If we have a lot more milk than our baby needs, she may not be able to get through all the soup at one sitting.  If we switch breasts partway through the nursing “to make sure she takes the other side”, or if we try to space our nursings out to two hours or more, that can mean the baby plows through a whole lot of soup and never gets much cheesecake.  She grows fine.  But the higher-fat milk is an excellent stomach-settler, because it slows the passage of milk through her intestines.  Without the extra fat, milk travels through her intestines without breaking down fully, and can ferment in her large intestine, causing gas, discomfort, and frothy green stools.

And then there’s the fire hose effect.  If there’s a whole lot of milk in your breasts, it can squirt into your baby’s mouth faster than she can handle it, and make her feel she must swallow or drown.  Not much fun.  Like anyone else, your baby wants to take in food at a comfortable rate that she controls herself.

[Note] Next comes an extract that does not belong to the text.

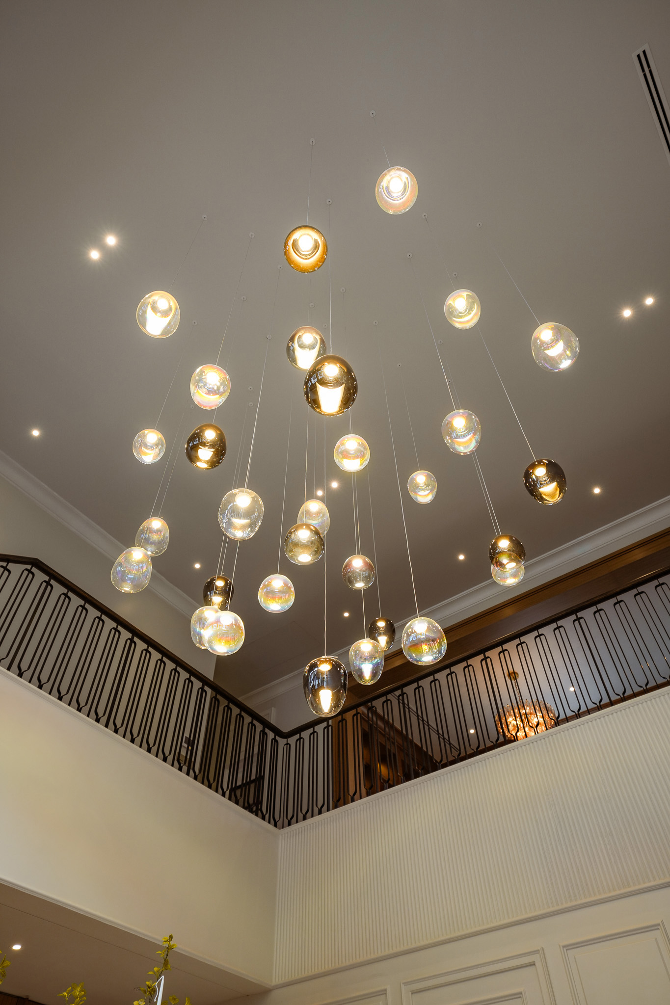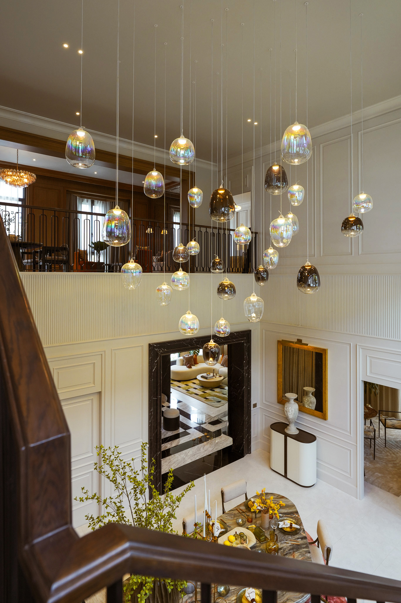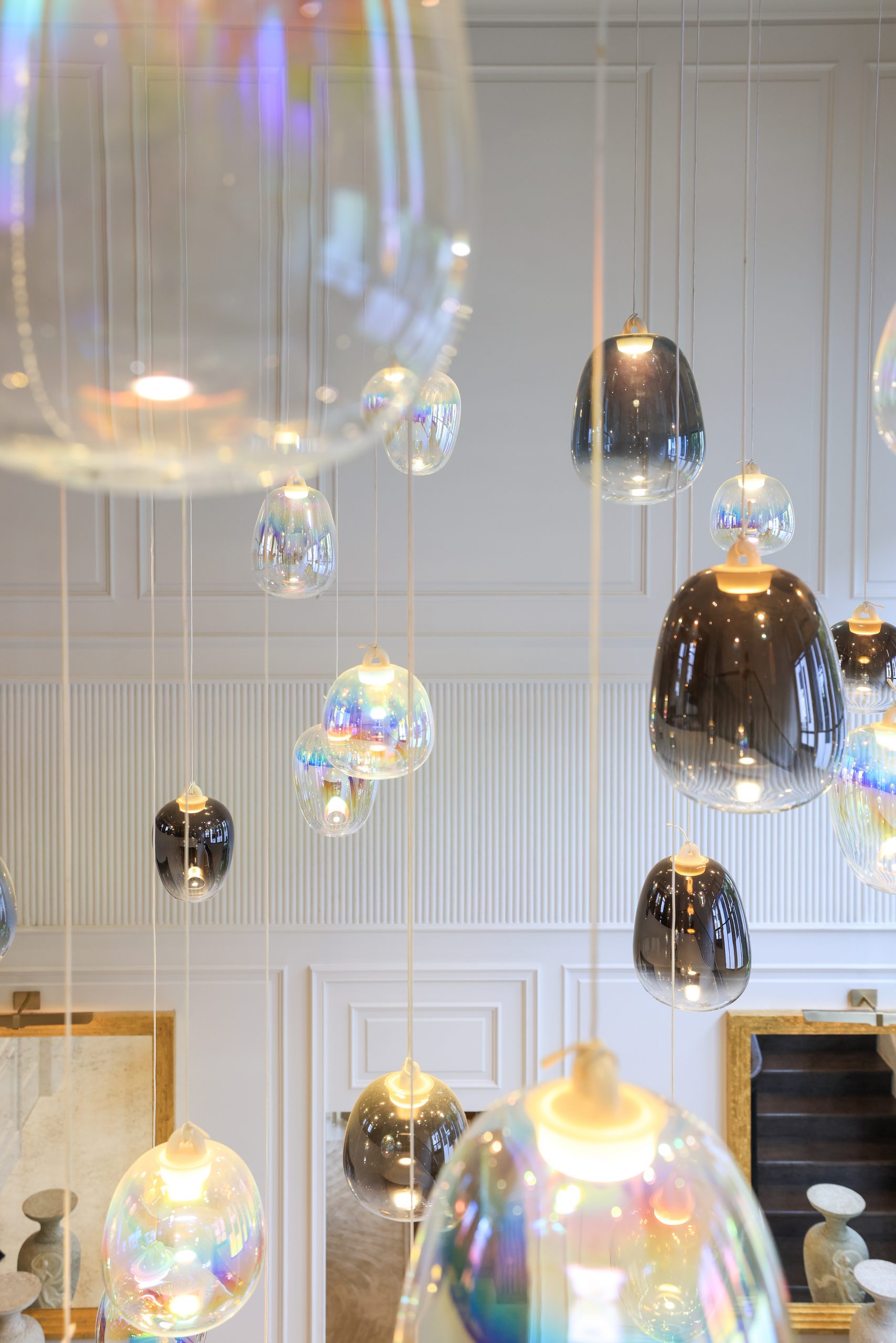 La trasparenza del vetro e la leggerezza dell’installazione fanno fluttuare la luce nello spazio, definendo un gesto raffinato che aggiunge movimento, carattere e un tocco di poesia alla residenza.

You may find your baby is happier and more settled if you just “nurse like a mammal.”

We tend to expect babies to nurse only for food, at predictable and widely-spaced intervals.  Babies tend to think otherwise.  If we offer only when we think they ought to need it, using other distractions when we think they “can’t be hungry”, we’re much more likely to see breastfeeding falter, or end before we wanted it to.

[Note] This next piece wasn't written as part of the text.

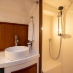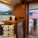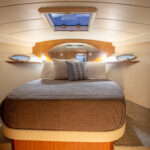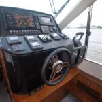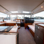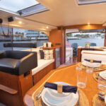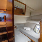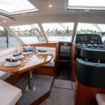 The M47 galley has two pull-out refrigerator units, a top-loading freezer, and a four-burner propane range with an oven and broiler. An aft galley window can be opened and secured for owners who want to feel the wind while they’re underway. The salon has a large L-shaped settee and teak table that can be converted to a berth. The M47 has a queen-sized master berth forward, amidship guest cabin and a single head.
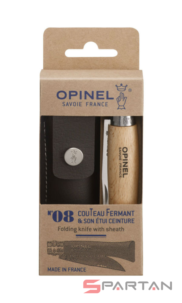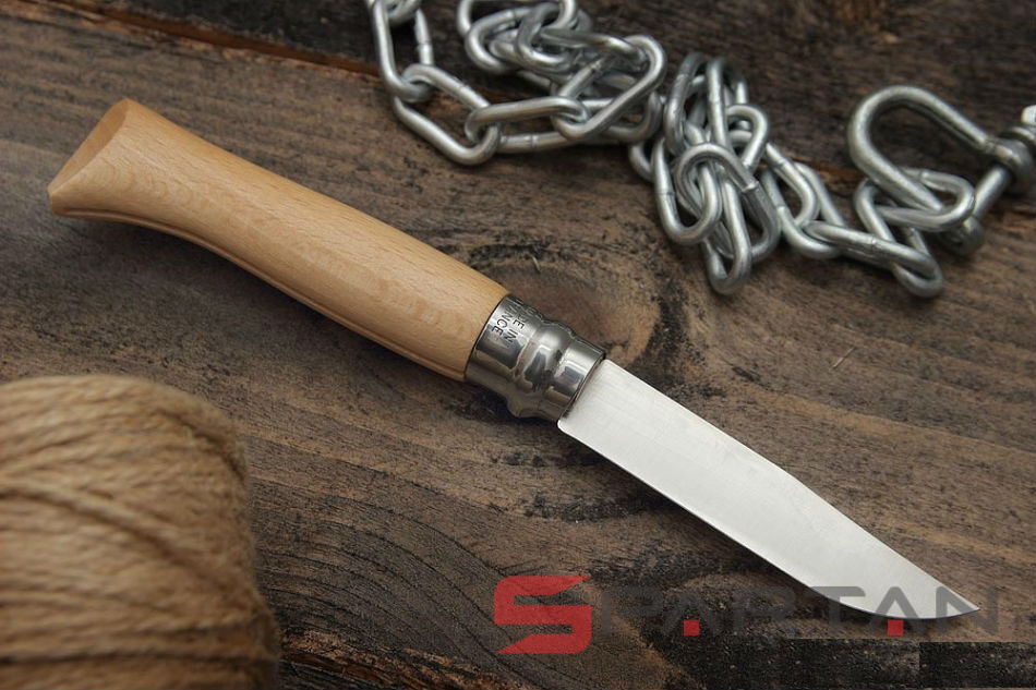 Простой, надёжный, недорогой - основные плюсы всех ножей Opinel. Ножи отлично подходят как для грибников-рыболовов, так и просто для путешественников. Цифра в названии означает длину клинка в сантиметрах. Модель Opinel 8 INOX имеет клинок из нержавеющей стали Sandvik 12C27 и рукоятку из цельного куска дерева (светлый бук). В комплект входит коричневый кожаный чехол с кнопкой. Его можно подвесить на поясной ремень или закрепить при помощи шнурка. Чехол выполнен из натуральной кожи, которая покрыта особым составом. Такая особенность защищает чехол от влаги и делает его окраску более устойчивой. В процессе носки чехол постепенно принимает форму ножа, что обеспечивает мягкую фиксацию и комфорт при постоянном использовании. Отличный бюджетный подарок...

Other mammal mothers nurse for “baby-led” reasons – whenever their baby want to nurse, even if it’s been just a few minutes.  But they stop or change sides when they have an itch, or want to stretch, or want to move somewhere else, or any other “mother-led” reason.  We can do the same.  No need to sit pinned to the sofa until your baby lets go… so long as you nurse again whenever she wants.  If you stopped too soon, she’ll nurse again soon.  If she was almost full, she’ll probably wait longer.  A healthy baby can manage her own intake just fine, if you let her.

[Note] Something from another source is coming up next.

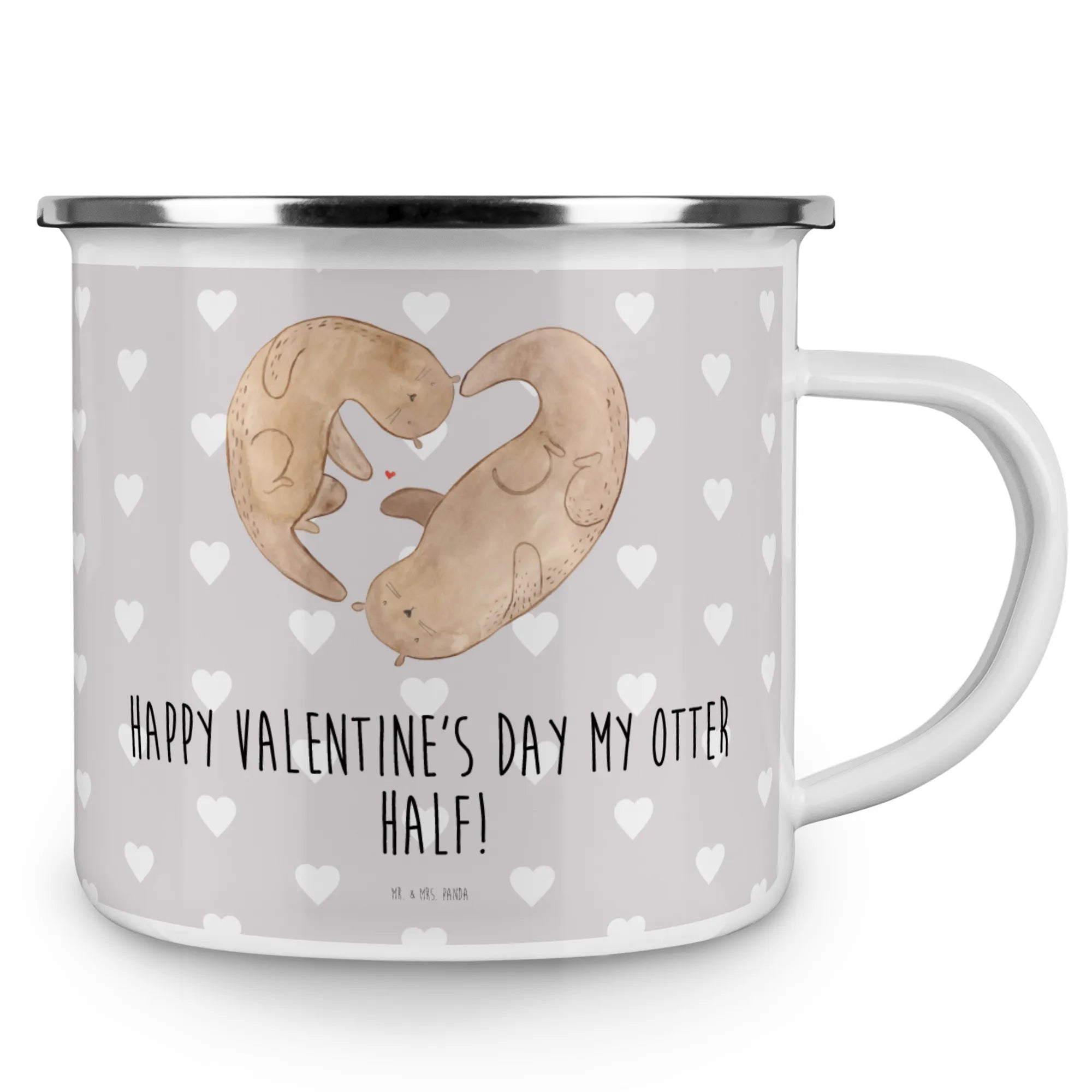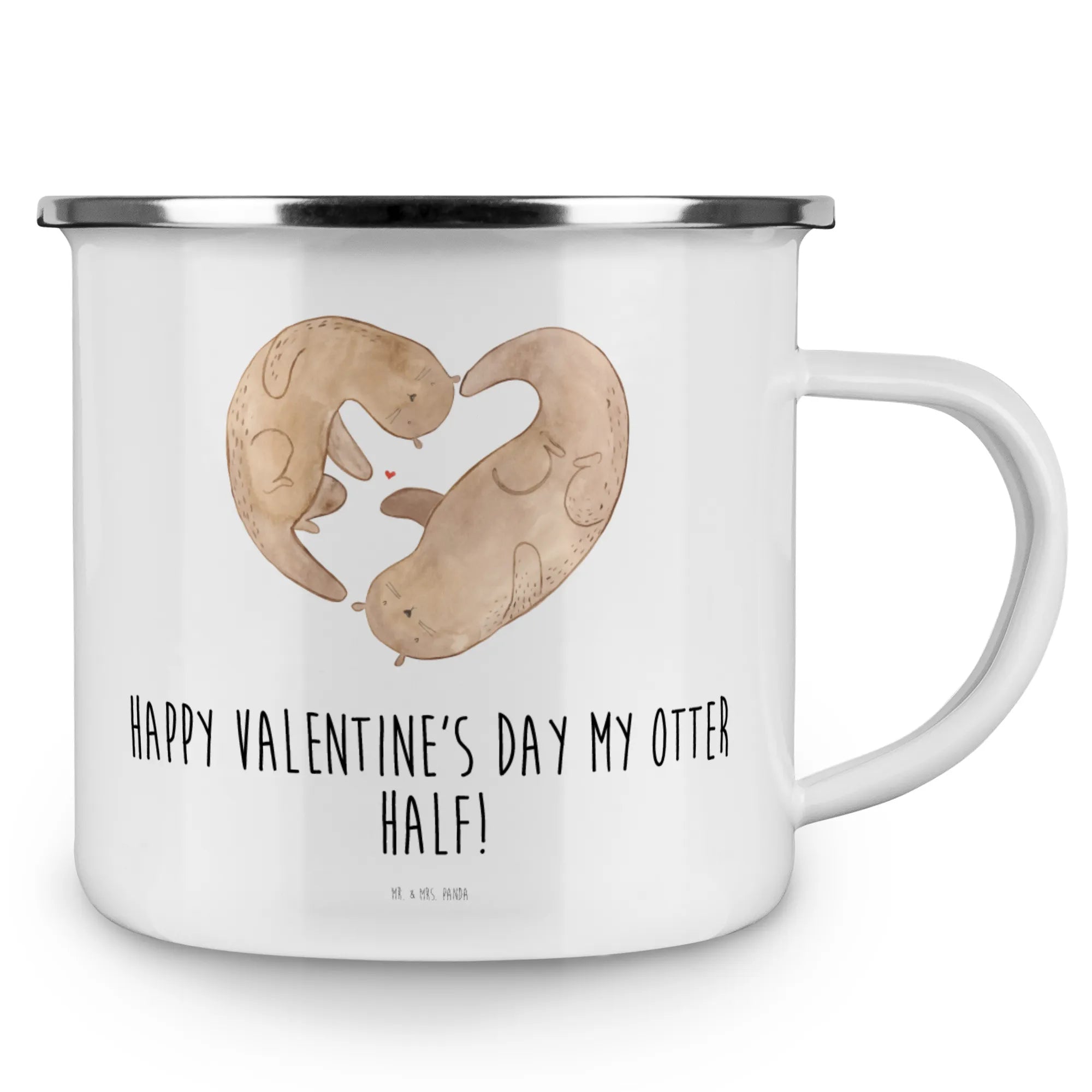 Kempingowy kubek emaliowany wydra Walentynka - biały

If you feel you’re still having oversupply problems, you might want to try one of these ideas:

  • Try making a “breastmilk shake”. Breastfeeding specialist Dr Christina Smillie suggests a deep, thorough, bread-kneading breast massage before nursing, to help re-mix any milkfat that might have separated out between feedings.  It can help your baby get a mix of soup and cheesecake, which can mean he’s satisfied sooner and is less uncomfortable.  At the same time the smaller volume he needs will help build a little extra pressure in your breasts from unused milk, and that’s a powerful signal to your body to cut back production to the level your baby wants.
  • If that doesn’t work for you, try the opposite, using just one side until it’s nice and soft, even if you have to use it for more than one nursing to soften it. The building pressure on the other side will help cut back on production until you use it again.  You may find that using just one side for a couple hours is all it takes.  If your “oversupply” has been dramatic, or your baby is really fussy, you may find you need to spend 4 to 6 hours on one side before using the other.  If you get too overfull on the other side, you can nurse or express just enough to relieve it a bit, then go back to the side you’re trying to soften completely.

As your supply settles down you may worry that you’ve “lost your milk.”  You may be so accustomed to heavy breasts dripping and spraying, and to seeing your child splutter, that a quiet, calm nursing from soft breasts feels wrong.  But you’ll probably notice that those diapers are still very wet, and that your child nurses contentedly, with a more relaxed body, letting go gently when she’s full or dozing peacefully at your breast.  Those are all signs of an ample – but not overfull – milk supply.  If she wants to increase your supply further, all she has to do is ask to nurse more often, or fuss to go to Side Two after Side One is completely soft.  Trust her to know her own needs, like any other mammal baby, and trust your body to respond like any other mammal mother’s.

If things aren’t getting better, check with a breastfeeding specialist.  She’ll have additional ideas and can “walk with you” on your way to an easy breastfeeding relationship.